В 1882 году семья переезжает в Одессу. Этот город навсегда остается самым любимым для всей семьи. Здесь фон Мейендорфы провели 10 лет, за это время старшие и средние дети получили образование в гимназии, пора было отправляться в Петербург, для того, чтобы дать старшим сыновьям возможность получить высшее образование. Кроме того, старшие девочки могли поступить на Высшие женские курсы, однако этим воспользовалась только Мария, старшая сестра Анны. Окончив математический факультет физико-математического отделения, Мария Федоровна получила предложение занять место учителя математики в Кронштадской Александровской женской гимназии. Интересно, что родители резко воспротивились этому шагу дочери: стать платной учительницей, делать карьеру? Зачем? Отнимать хлеб у той, которая в действительности в нем нуждается? В России были и другие прекрасные возможности для самореализации женщины из хорошей семьи: в условиях неразвитости государственной системы призрения именно дворянству, и прежде всего, женщинам открывались широкие возможности для благотворительности, предоставлялись большие возможности в организации дела образования и здравоохранения.

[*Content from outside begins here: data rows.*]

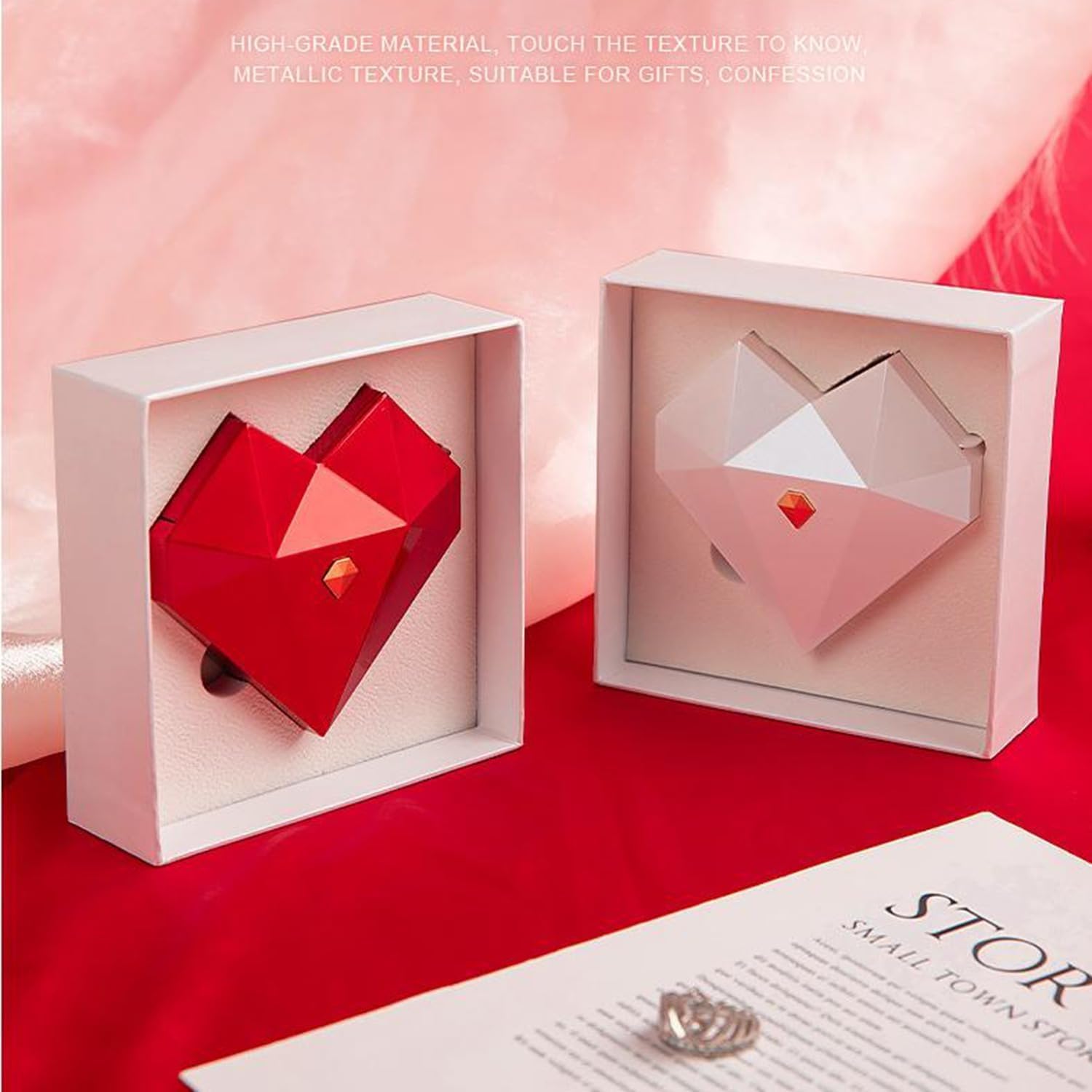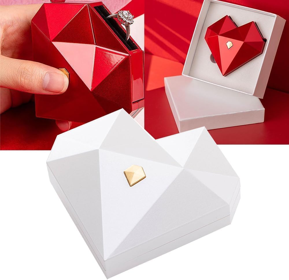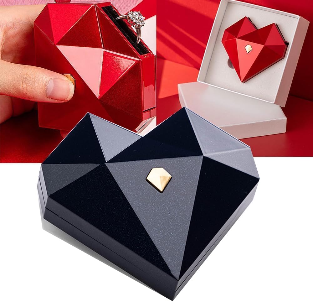 بوكس فاخر على شكل قلب ماسي مع آلية فتح منبثقة بتعرض الخاتم بشكل مبهر.
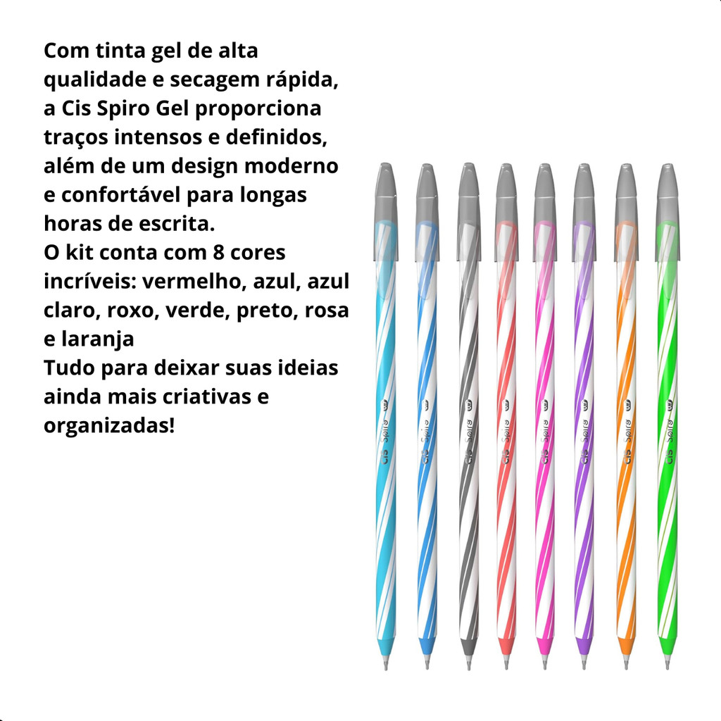 Kit Caneta Esferográfica Cis Spiro Gel 8 Cores Ponta 0.7mm
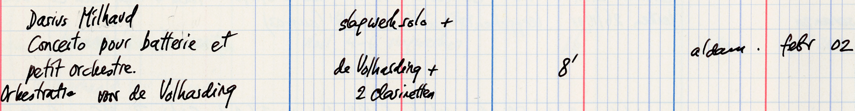 - Concerto pour batterie et petit orchestre : voor slagwerksolo + de Volharding + 2 klarinetten
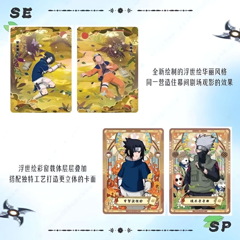 | I am very impressed with the quality and artwork for these Naruto cards. The new release is very fun to open. Got some very nice cards and hope to get more soon. I can’t wait for the next release, keep them coming! For all the Naruto fans, don’t miss out on this set. | |
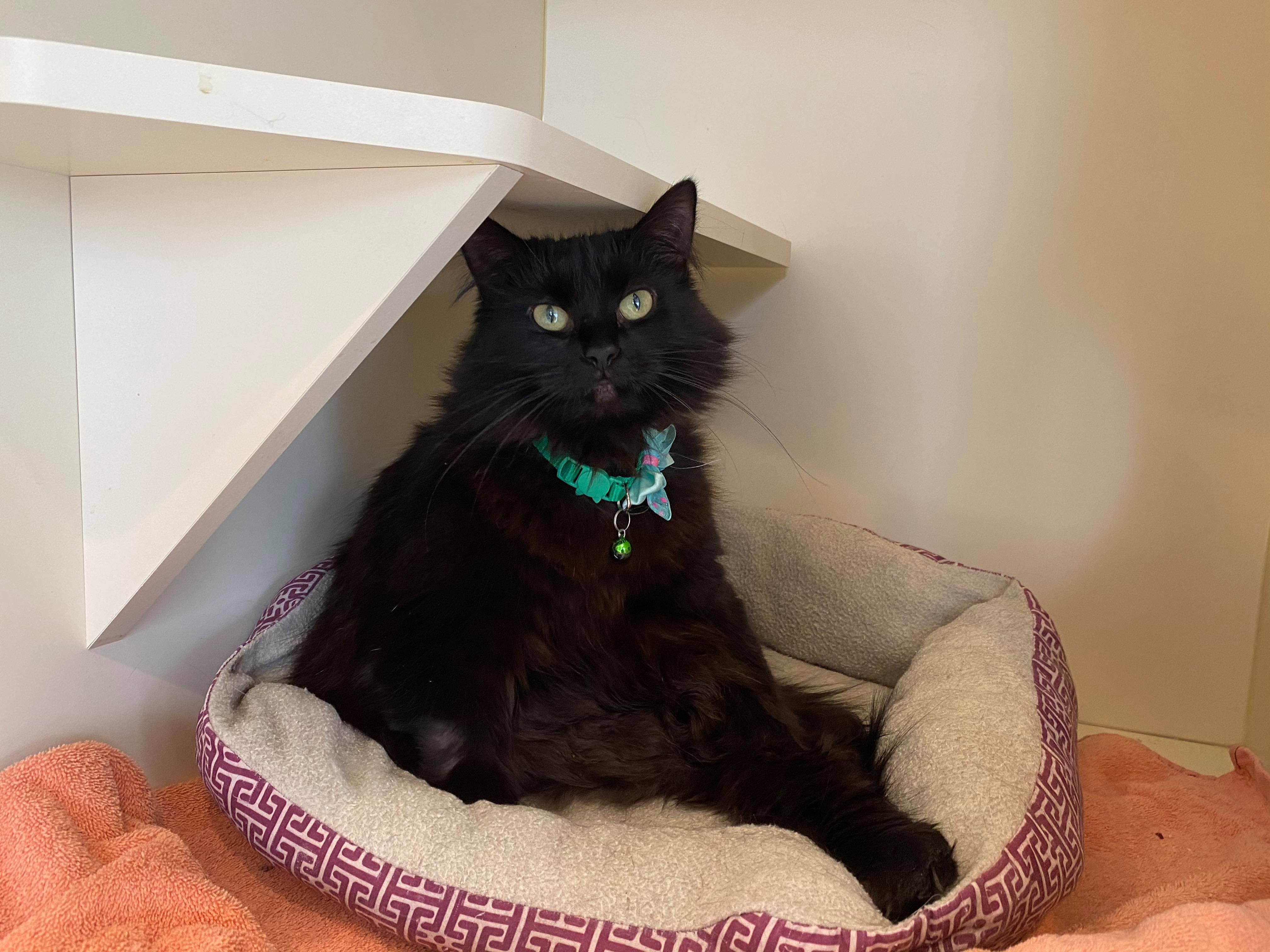 Raven is a stunning ~4 year old black DLH. She is a very sweet, loving girl who loves attention and playing. She is currently in a foster home and her foster raves and raves over her! She is on an allergy diet and must not be able to access other foods. She is also on a single pill she takes well once a day. Raven is spayed and UTD on all vaccines! To apply, please use the following address: https://www.shelterluv.com/matchme/adopt/TCAL/Cat
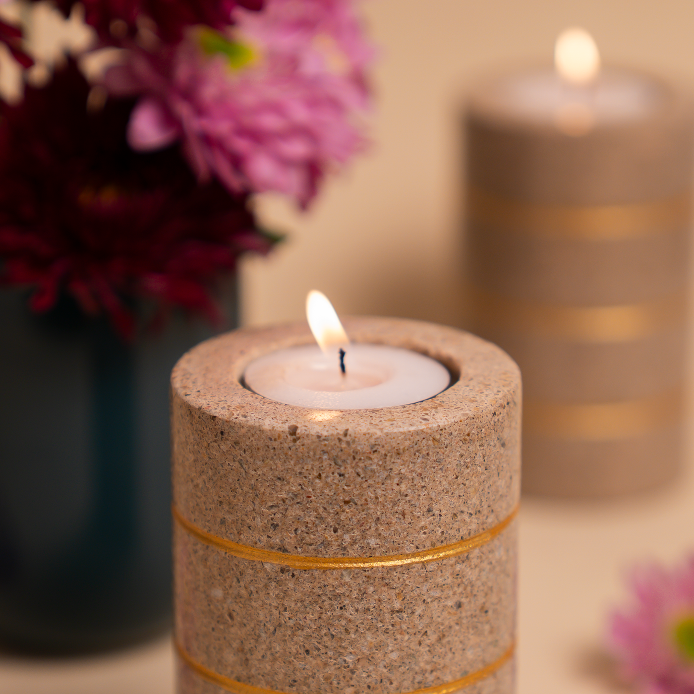 Elevate your ambience with this stunning marble tea light holder, handcrafted with precision. Its sleek, sophisticated design features elegant gold stripe accents on a marble finish, adding a touch of luxury to any room and creating a warm, inviting glow. Perfect for tea lights in living rooms, dining tables, or décor setups.
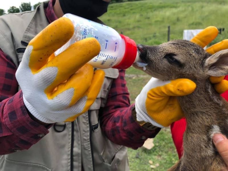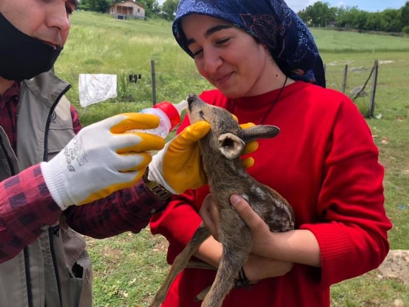 Ormanda annesini kaybeden yavru karaca keçi besiciliği yapan aileye teslim edildi
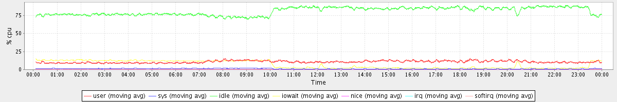 avg(user) = 10.67 avg(sys) = 1.20 avg(idle) = 80.97 avg(iowait) = 6.78 avg(nice) = 0.00 avg(irq) = 0.04 avg(softirq) = 0.34
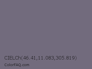 CIELCh 46.41,11.083,305.819 Color is a normal violet color and the nearest color is Fedora #796a78. Hex code #726b7d and RGB value is rgb(114,107,125). In RGB color space, this color is composed of 45% red, 42% green, 49% blue, In CMYK color space, this color is composed of 9% cyan, 14% magenta, 0% yellow , 51% black , In HSL color space, this color has a hue angle of 263° , 8% saturation and 45% lightness.
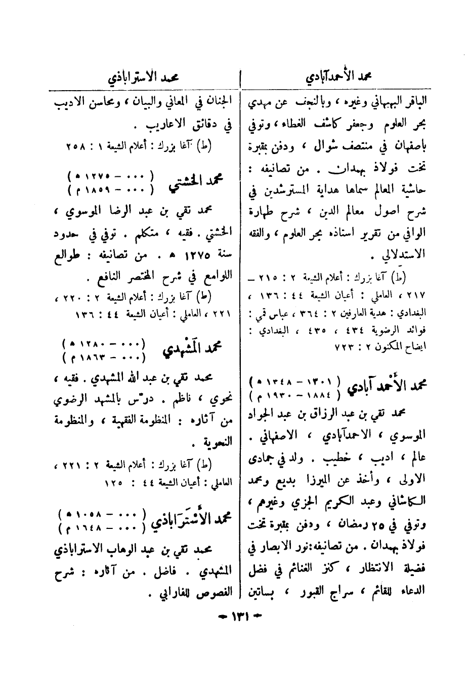 (ط) آغا بزرك: أعلام الشيعة 2: 215 - 217، العاملي: أعيان الشيعة 44: 136، البغدادي: هدية العارفين 2: 364، عباس قمي: فوائد الرضوية 434، 435، البغدادي: ايضاح المكنون 2: 723 محمد الاحمد آبادي (1301 - 1348 هـ) (1884 - 1930 م) محمد تقي بن عبد الرزاق بن عبد الجواد الموسوي، الاحمد آبادي، الاصفهاني.
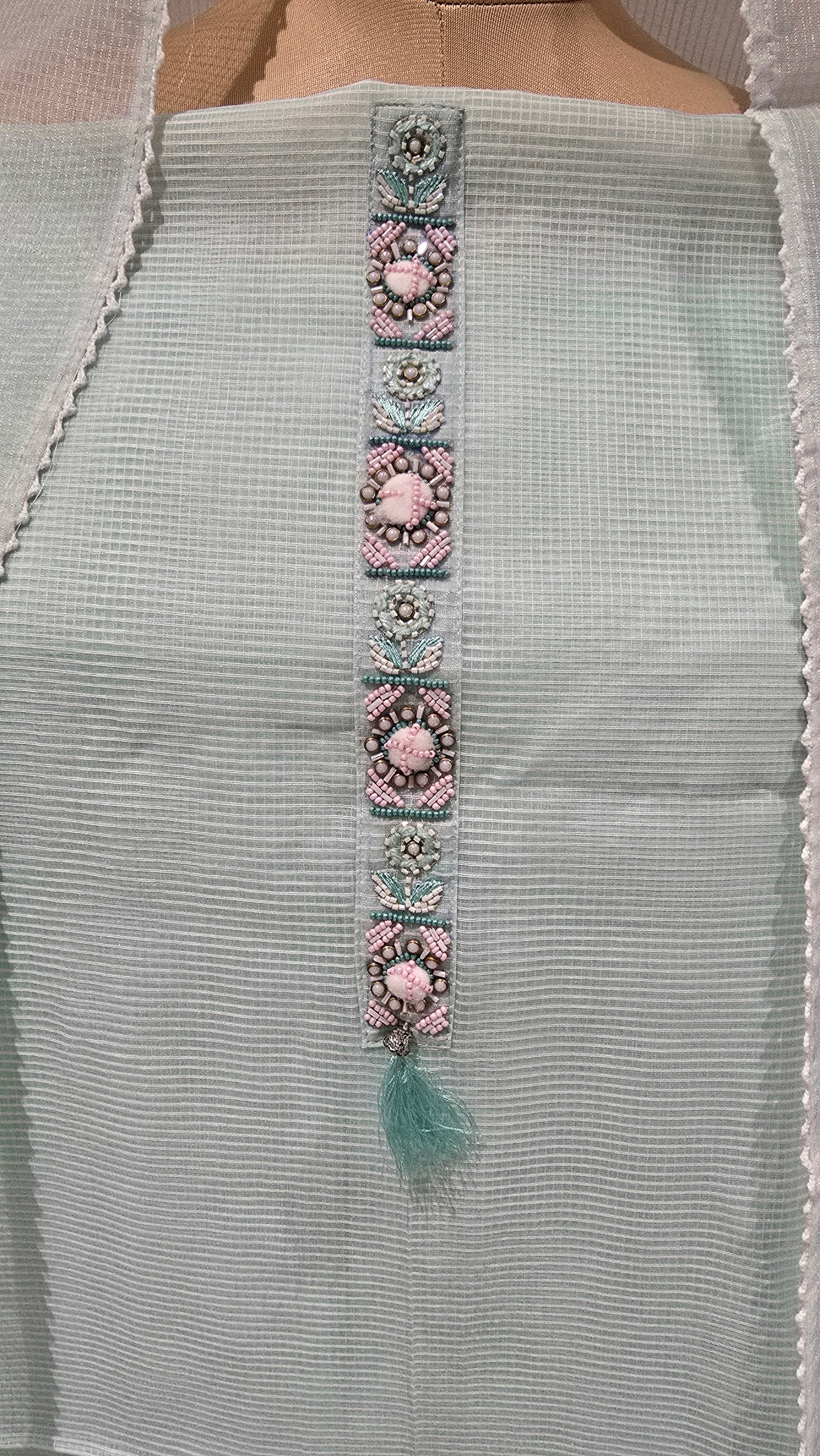 In airy Kota fabric, this dual-tone suit features delicate beadwork and thread embroidery, bringing out its soft mint and blush hues.
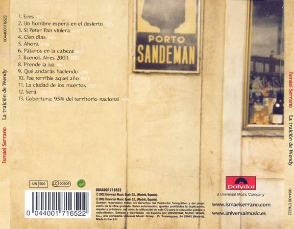 Artista(s) / Grupo: Ismael Serrano ‎ | Cantidad de Discos: 1 | Lanzamiento: 2002 | Género(s): Rock. | Estilo(s): Acoustic, Soft Rock. | Título: La Traición De Wendy | Artista(s) / Grupo: Ismael Serrano ‎ | Cantidad de Discos: 1 | Lanzamiento: 2002 | Género(s): Rock. | Estilo(s): Acoustic, Soft Rock. | Título: La Traición De Wendy
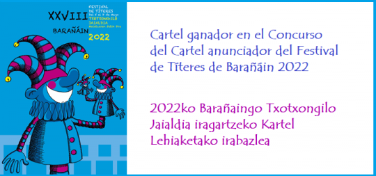 Badugu 2022ko Txotxongilo Jaialdia iragartzeko kartela!Barañaingo 2022ko Nazioarteko XXVIII. Txotxongilo Jaialdia iragartzeko kartel-lehiaketako epaimahaiak, martxoaren...

Анна Федоровна занималась этой благотворительностью, помогая матери, воспитывала малолетних детей своей рано умершей старшей сестры. Однако ее, по всей видимости, это мало удовлетворяло. В своем дневнике она запишет строчки некролога Стасовой, так поразившие ее: «Правда борется, чтобы пробить себе дорогу, а я не буду участвовать в этой великой драме? Неужели сердце, которое во мне бьется, лишь потому, что оно сердце женщины, а не сердце человека?»[16]. Эти строчки определяют многое в самом характере и деятельности Анны Федоровны. Она желает быть человеком, «принимающим участие в этой великой жизненной драме», приносить пользу людям, ибо только в этом она видела смысл своего существования.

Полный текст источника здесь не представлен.